A higher level artificial intelligence should be able to express knowledge and reason about it, e.g. draw conclusions from facts or from assumptions. This can be achieved by using some kind of language. Formal (or symbolic) languages have been constructed partly for the sake of turning the “art of making conclusions”, and related problems, into a mathematically precise activity, and partly to facilitate the automation of reasoning. The formal languages of propositional logic and first-order logic are the cornerstones of the formal approaches to knowledge representation and deduction, and the multitude of other formal logical languages that exist are modifications or extensions of these. This course is an introduction to the key notions and results of propositional and first-order logic.
Course type:
- AS track: introductory
- AI track: elective
- Joint curriculum: introductory
Time: Given yearly, Spring
Teachers: Vera Koponen (UU)
Examiner: Marina Axelson-Fisk (CTH)
Introductory course giving the background in logic needed to take the WASP courses “Artificial Intelligence and Machine Learning” and “Graphical Models, Bayesian Learning and Statistical Relational Learning”.

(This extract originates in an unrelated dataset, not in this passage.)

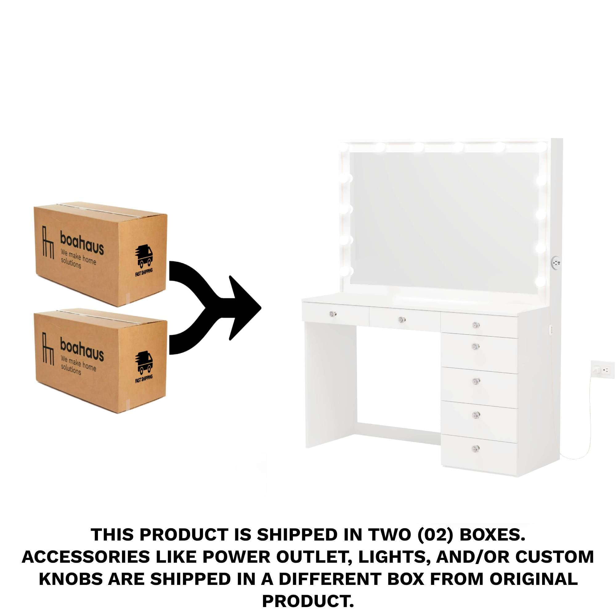Transform your beauty routine with the Ember Interiors Caris Modern White Vanity Table, a premium centerpiece for your bedroom. Featuring a set of 14 Hollywood-style light bulbs as an add-on, this vanity provides customizable and professional lighting for flawless makeup application, perfect for your Get Ready With Me moments. This elegant vanity offers a built-in charging station with USB Type-C, USB Type-A, and power outlet, making it convenient to charge your devices while you prepare. Designed with seven spacious drawers adorned with crystal knobs, it provides ample storage for makeup, skincare, and accessories, ensuring a clutter-free setup. Measuring 58.2” H x 47.2” W x 17.7” D, its sleek white finish adds a modern, sophisticated touch to any decor. Crafted from high-quality materials, the Caris Vanity combines durability and style, creating a functional yet aspirational space to elevate your beauty experience. With its luxurious features and thoughtful design, this vanity desk is the ultimate blend of practicality and glamour.

After completing the course, students should be able to
- Formulate statements in a natural language (e.g. English) by a syntactically correct formula in propositional logic or in first-order logic, depending on what is appropriate in the context.
- Determine the truth value of a formula with respect to a truth value assignment if the formula is from propositional logic, or with respect to a structure if the formula is from first-order logic.
- Determine if a formula is satisfiable, valid or a logical consequence of a set of other formulas.
- Determine if two formulas are logically equivalent.
- Construct a (disjunctive, conjunctive or prenex) normal form which is equivalent to a given formula.
- Motivate some standard formal proof rules and construct formal proofs.
- Use the notions of logical consequence and/or formal proof together with the soundness and/or completeness theorems to determine the correctness of a claim that a statement follows from some given assumptions.
- Describe and apply some results from the course about algorithmic aspects about the problem of determining satisfiability, validity, logical consequence etc in propositional and first-order logic.
We study the two formal (logical) languages called propositional logic and first-order logic, which have a central role in modern logic and its applications.
Syntax and semantics of the formal language of propositional logic. Logical consequence and equivalence in propositional logic. Functional completeness. Disjunctive and conjunctive normal forms. Proof rules and formal proofs in propositional logic. Soundness and completeness of propositional logic.
Syntax of the formal language of first-order logic. First-order structures and the semantics of first-order logic. Logical consequence and equivalence in first-order logic. Prenex normal forms. Proof rules and formal proofs of first-order logic. Soundness and completeness of first-order logic. Computational aspects of propositional logic and first-order logic.
Valentin Goranko, Logic as a Tool: A Guide to Formal Logical Reasoning, John Wiley & Sons Ltd, 2016.
Home work assignments.
A re-examination is prepared about 6 months after the course covering completion of missing parts.